[Entries supplied]

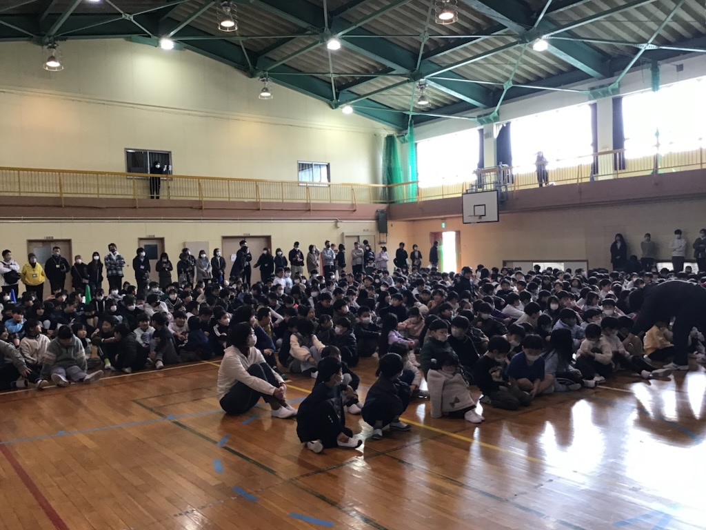 司会の児童会が役員が「それでは5年生の皆さん、お願いします」とアナウンスすると、「はい!!!!」と体育館に響き渡る元気な声の5年生が立ち上がりました。さすがです。ちょっと緊張気味の5年生たち。それでも暖かな皆さんみ包まれて頑張っていました。
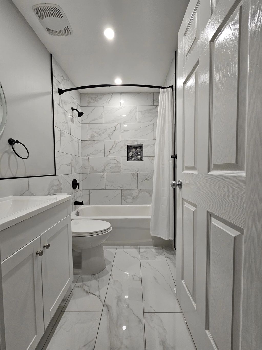 We renovate bathrooms of all sizes and shapes. Many different designs, material selections and layouts. Ask us about your next bathroom renovation.
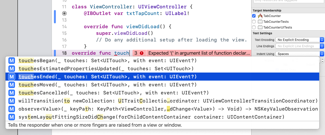 자동 완성기능을 이용하여 touchesEnded를 선택하면 됩니다.
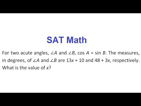 For two acute angles, ∠A and ∠B, cos A = sin B. The measures, in degrees, of ∠A and ∠B are 13x + 10 and 48 + 3x, respectively. What is the value of x?
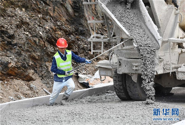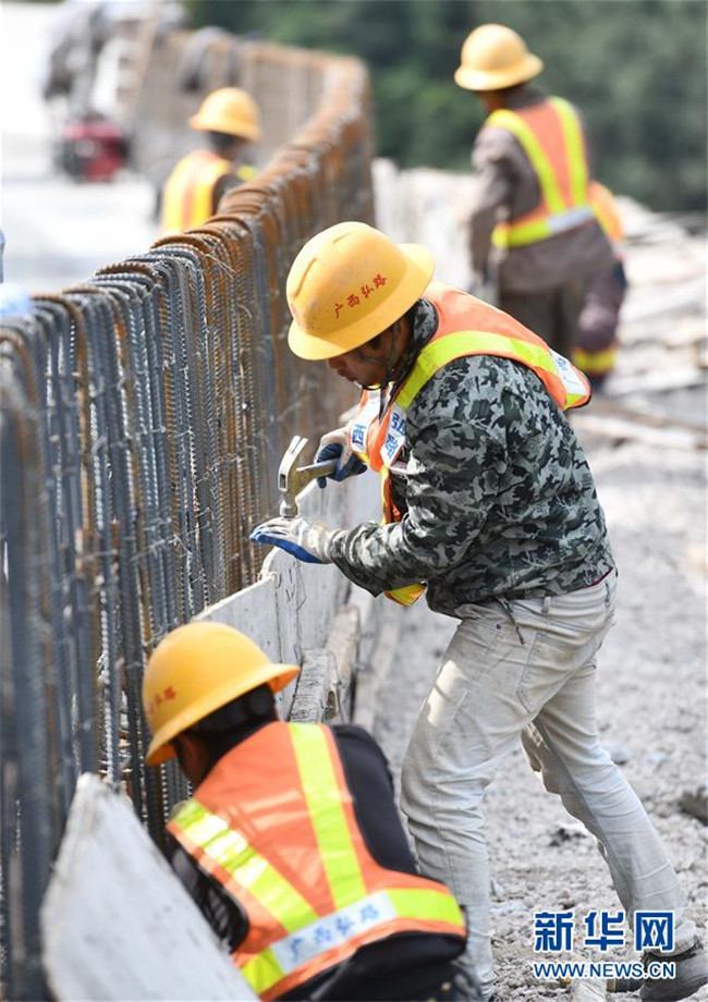 11月19日,在廣西融水苗族自治縣四榮鄉(xiāng),工人在羅融二級公路建設現(xiàn)場施工。 新華社記者 黃孝邦 攝
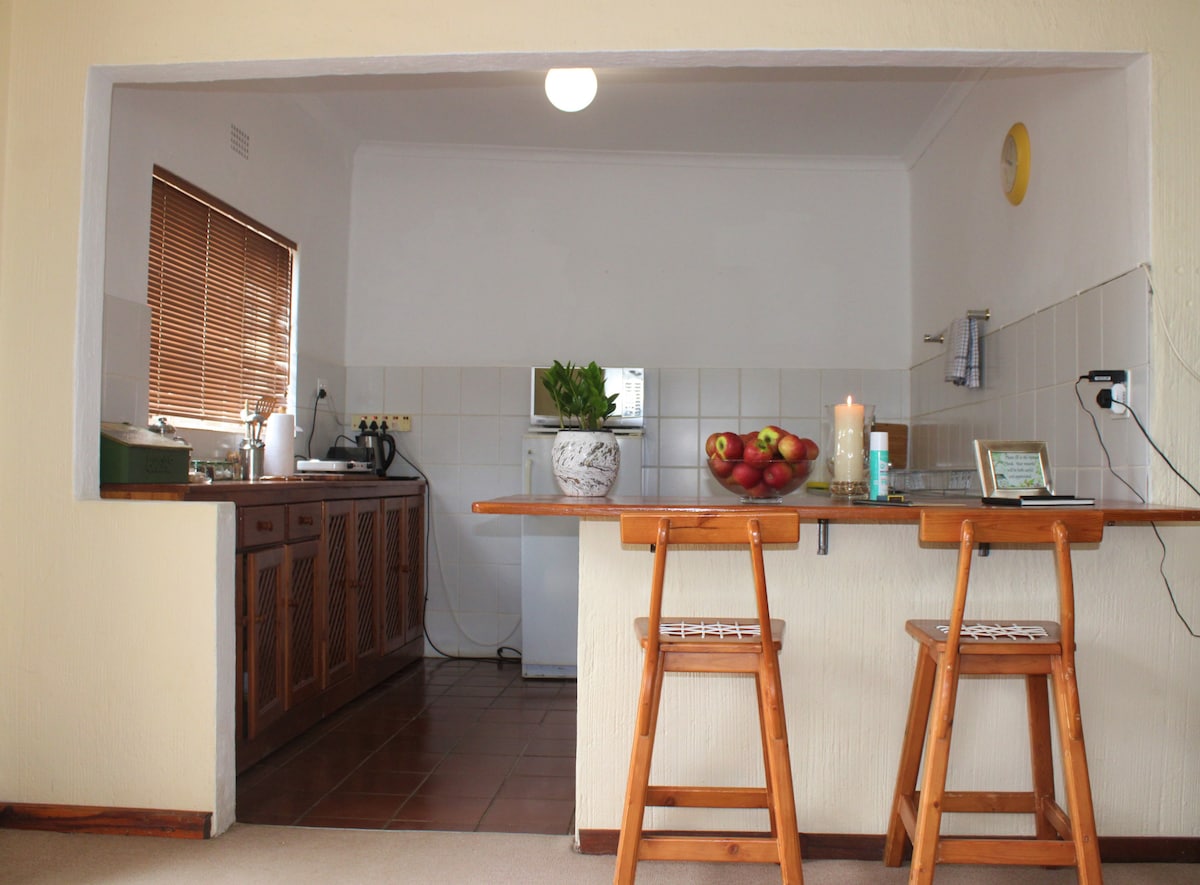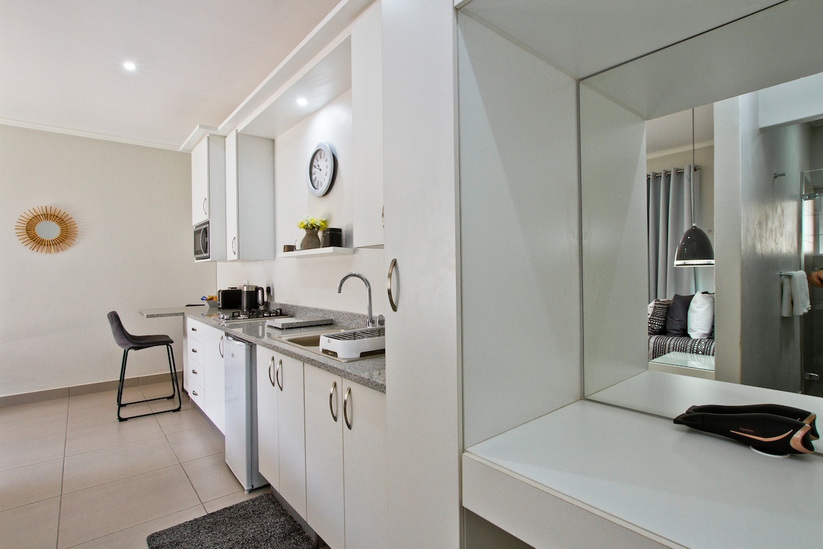 Self-catering Our studios are safe, elegant, and comfortable. Air-con, TV/Netflix, free Wi-Fi, kitchenette with amenities and secure parking. Centrally located in up-market Baileys Muckleneuk. For a romantic break or business trip. Relax after a long day with a cup of coffee in our serene garden under our decade old trees. Walking to Affies Sports Grounds 400m Loftus Versveld 1.2km Tuks 1.6km Boys High 1.4km Hospitals - Groenkloof, Zuid-Afrikaans and Jacaranda 2km UNISA 2.9km ID REQUIRED
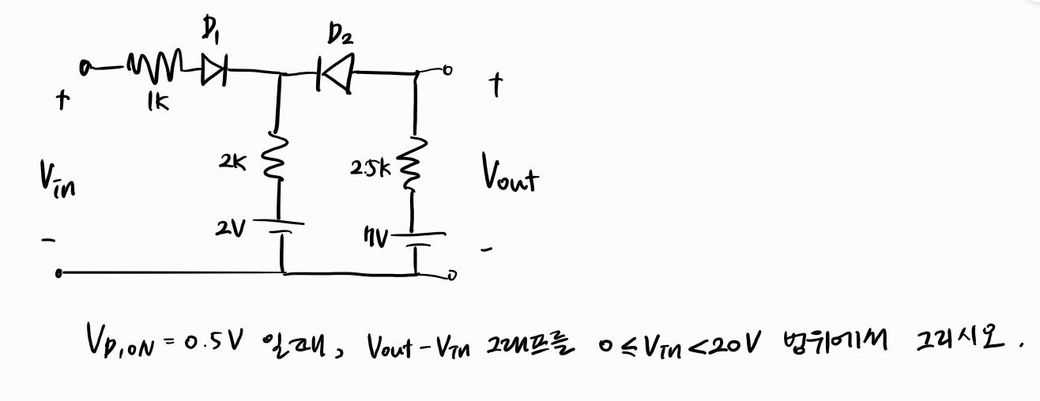 곧 시험인데 이 문제 vout-vin 그래프를 못 구하겠어요ㅠㅠ 사람 한명 구해주세요ㅜ 부탁드립니다!! D1,D2 둘다 문턱전압은 500mV로 가정하고 풀어주세요!
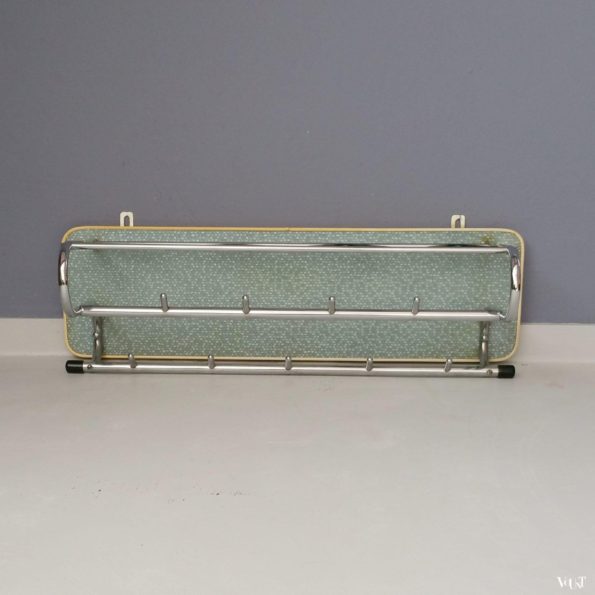Wandkapstok uit de jaren ’50 in bijzonder goede conditie. Verchroomd metaal, hout en een mooie groen-blauwige kunststof achtergrond. Zwart metalen hoedenrek.
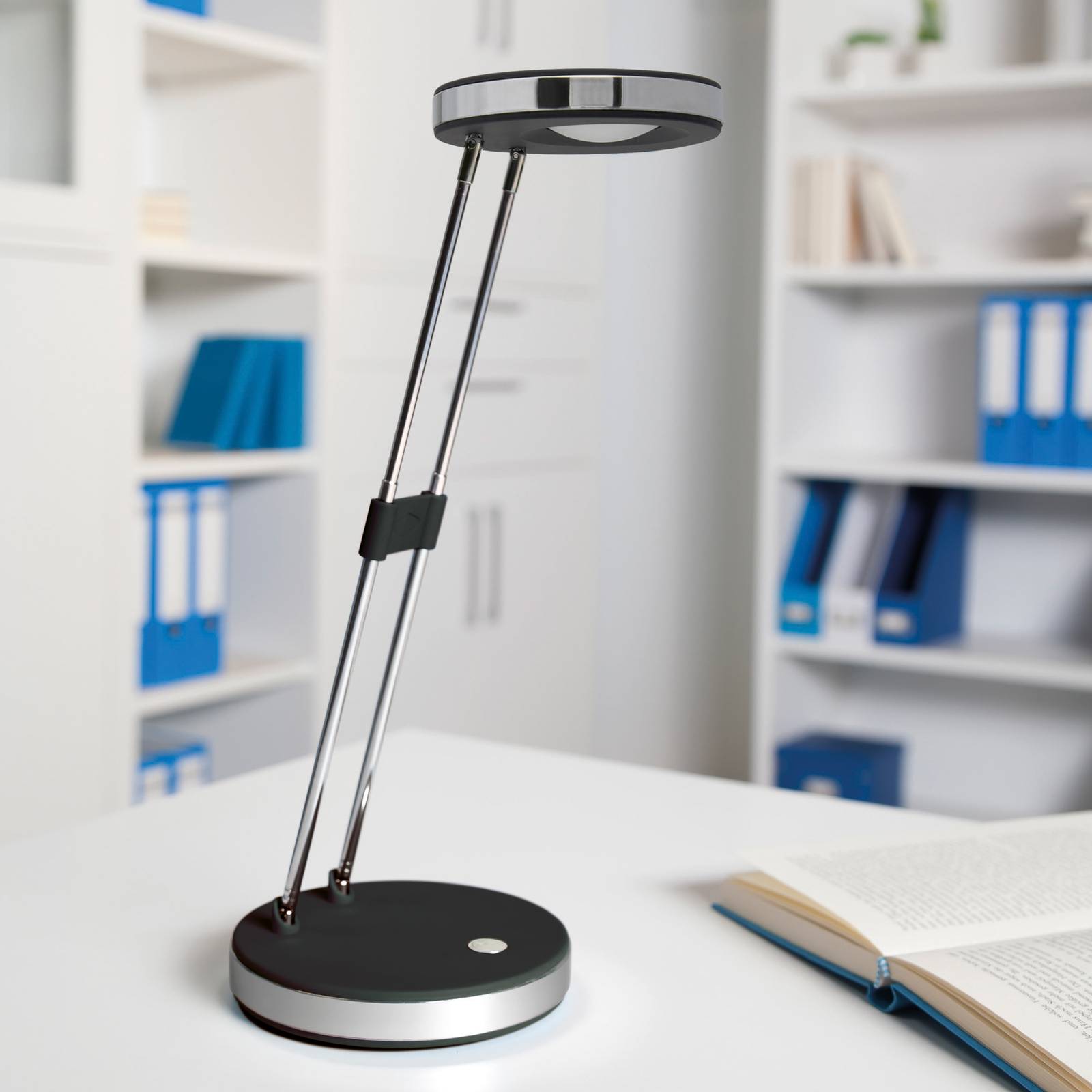 Stolná LED lampa MAULpuck s pohodlným dvojitým teleskopickým ramenom MAULpuck je veľmi praktický, priestorovo úsporný a energeticky efektívny zdroj svetla, ktorý možno použiť na optimalizáciu svetelných podmienok, napríklad na pracovnom stole, podľa individuálnych požiadaviek. Dvojité teleskopické rameno sa dá vysunúť z 18,5 cm na maximálne 33 cm a hlavu a rameno stolnej lampy možno otáčať. Vďaka tomu je možné veľmi jednoducho nastaviť smer svetla podľa potreby. Vďaka svojmu praktickému dizajnu zaberá MAULpuck veľmi málo miesta. Dá sa tiež zložiť, aby sa dala ľahko prenášať v aktovke alebo uložiť do zásuvky. Integrovaný difúzor zabezpečuje, že lampa vrhá len málo tieňa. Stolná LED lampa MAULpuck je stabilná vďaka záťažovej vložke v základni, ktorá je vybavená aj podložkou na ochranu stola – Vypínač zabudovaný v základni lampy
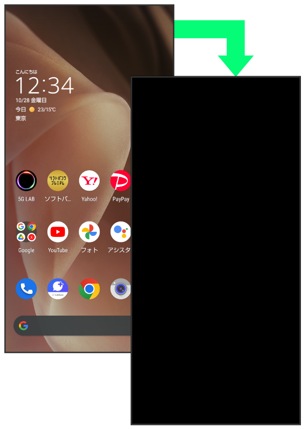 - 画面点灯時に電源キーを押すと、手動で画面ロック状態にすることができます。
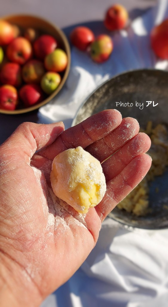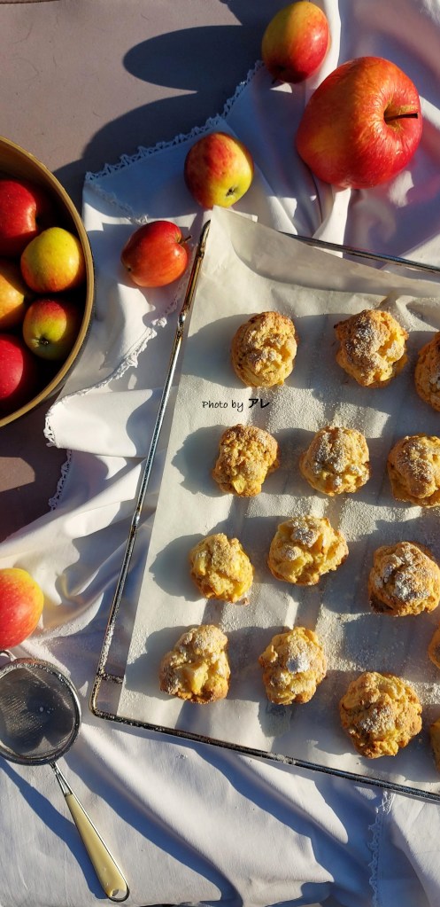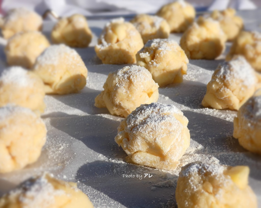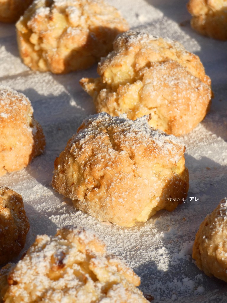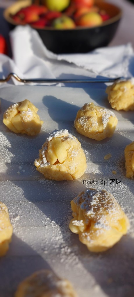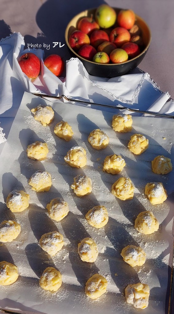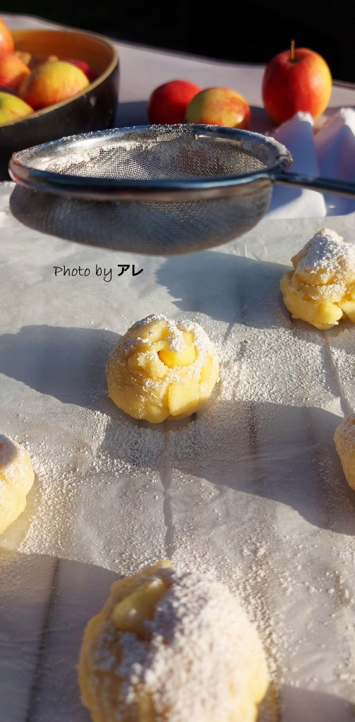Quando si raggiunge una consistenza granulosa e morbida, aggiungere metà delle mele e incorporarle con calma alla pasta, poi aggiungere tutte le altre scolate dal liquido del limone e miscelare con cura. Accendere il forno a 180 gradi. Infarinarsi generosamente le mani e prelevare una noce di impasto, farla roteare nelle mani e formare una pallina (grande come quella da golf più o meno), appoggiarla su carta da forno pronta su di una teglia.

[/Entries supplied]

Problem to solve -> Return the material exactly as given above, picture-free.

Result below ->
 司会の児童会が役員が「それでは5年生の皆さん、お願いします」とアナウンスすると、「はい!!!!」と体育館に響き渡る元気な声の5年生が立ち上がりました。さすがです。ちょっと緊張気味の5年生たち。それでも暖かな皆さんみ包まれて頑張っていました。
 We renovate bathrooms of all sizes and shapes. Many different designs, material selections and layouts. Ask us about your next bathroom renovation.
 자동 완성기능을 이용하여 touchesEnded를 선택하면 됩니다.
 For two acute angles, ∠A and ∠B, cos A = sin B. The measures, in degrees, of ∠A and ∠B are 13x + 10 and 48 + 3x, respectively. What is the value of x?
 11月19日,在廣西融水苗族自治縣四榮鄉(xiāng),工人在羅融二級公路建設現(xiàn)場施工。 新華社記者 黃孝邦 攝
 Self-catering Our studios are safe, elegant, and comfortable. Air-con, TV/Netflix, free Wi-Fi, kitchenette with amenities and secure parking. Centrally located in up-market Baileys Muckleneuk. For a romantic break or business trip. Relax after a long day with a cup of coffee in our serene garden under our decade old trees. Walking to Affies Sports Grounds 400m Loftus Versveld 1.2km Tuks 1.6km Boys High 1.4km Hospitals - Groenkloof, Zuid-Afrikaans and Jacaranda 2km UNISA 2.9km ID REQUIRED
 곧 시험인데 이 문제 vout-vin 그래프를 못 구하겠어요ㅠㅠ 사람 한명 구해주세요ㅜ 부탁드립니다!! D1,D2 둘다 문턱전압은 500mV로 가정하고 풀어주세요!
Wandkapstok uit de jaren ’50 in bijzonder goede conditie. Verchroomd metaal, hout en een mooie groen-blauwige kunststof achtergrond. Zwart metalen hoedenrek.
 Stolná LED lampa MAULpuck s pohodlným dvojitým teleskopickým ramenom MAULpuck je veľmi praktický, priestorovo úsporný a energeticky efektívny zdroj svetla, ktorý možno použiť na optimalizáciu svetelných podmienok, napríklad na pracovnom stole, podľa individuálnych požiadaviek. Dvojité teleskopické rameno sa dá vysunúť z 18,5 cm na maximálne 33 cm a hlavu a rameno stolnej lampy možno otáčať. Vďaka tomu je možné veľmi jednoducho nastaviť smer svetla podľa potreby. Vďaka svojmu praktickému dizajnu zaberá MAULpuck veľmi málo miesta. Dá sa tiež zložiť, aby sa dala ľahko prenášať v aktovke alebo uložiť do zásuvky. Integrovaný difúzor zabezpečuje, že lampa vrhá len málo tieňa. Stolná LED lampa MAULpuck je stabilná vďaka záťažovej vložke v základni, ktorá je vybavená aj podložkou na ochranu stola – Vypínač zabudovaný v základni lampy
 - 画面点灯時に電源キーを押すと、手動で画面ロック状態にすることができます。
Quando si raggiunge una consistenza granulosa e morbida, aggiungere metà delle mele e incorporarle con calma alla pasta, poi aggiungere tutte le altre scolate dal liquido del limone e miscelare con cura. Accendere il forno a 180 gradi. Infarinarsi generosamente le mani e prelevare una noce di impasto, farla roteare nelle mani e formare una pallina (grande come quella da golf più o meno), appoggiarla su carta da forno pronta su di una teglia.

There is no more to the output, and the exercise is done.